Midnight at the Bright Ideas Bookstore by Matthew Sullivan

Midnight at the Bright Ideas BookstoreMidnight at the Bright Ideas Bookstore by Matthew J. Sullivan
My rating: 4 of 5 stars

Lydia works in a bookstore and is in a happy relationship with her boyfriend David. But she harbors a secret, a violent one, from her past. The funky local bookstore is home to a collection of characters she calls the BookFrogs. One day, one of her favorite BookFrogs, a troubled young man named Joey, hangs himself in the store. This tragic act opens up a cascade of events reopening her troubled past and changing the fate of several of the characters in the book.

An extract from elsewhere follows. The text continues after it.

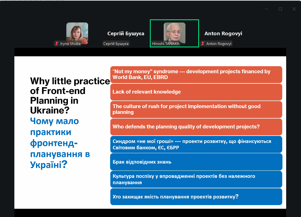 З великою пленарною доповіддю виступив професор Хіроші Танака (Японія), гуру світового рівня в галузі управління проєктами та програмами. Його доповідь була присвячена підвищенню ефективності великих проєктів у нафтогазовій, автомобільній та будівельній галузях. На прикладі Японії він показав, що успіх таких проєктів істотно залежить від якості планування на початку роботи (front-end planning). Він підкреслив вагомість своїх рекомендацій саме для умов України.

The story is slow to get going, but it eventually unfolds into something like a traditional mystery. The characters, including Lydia, are not entirely likeable for various reasons. One bugaboo I have is that many of them smoke, which to this author is apparently still a cool thing to do and makes people attractive. (NOT!) This fallacy is still prevalent in movies and TV, I’m afraid, but I digress. The pace of the book is good once the plot gets into full swing about halfway through. The story is told in two temporal stages, switching from the present day to Lydia’s childhood, another irritating but currently popular stylistic choice. The clues to the mystery are doled out sparingly but fairly so that the astute reader can begin to see a glimmer of the solution before it arrives, but the full resolution isn’t revealed until the end. There were a few loose ends that were never explained, like Joey’s unusual manner of “writing” to Lydia before his death. The ending, especially the epilogue, was not entirely satisfying to me, but it avoided cliches and sappiness that might have been worse.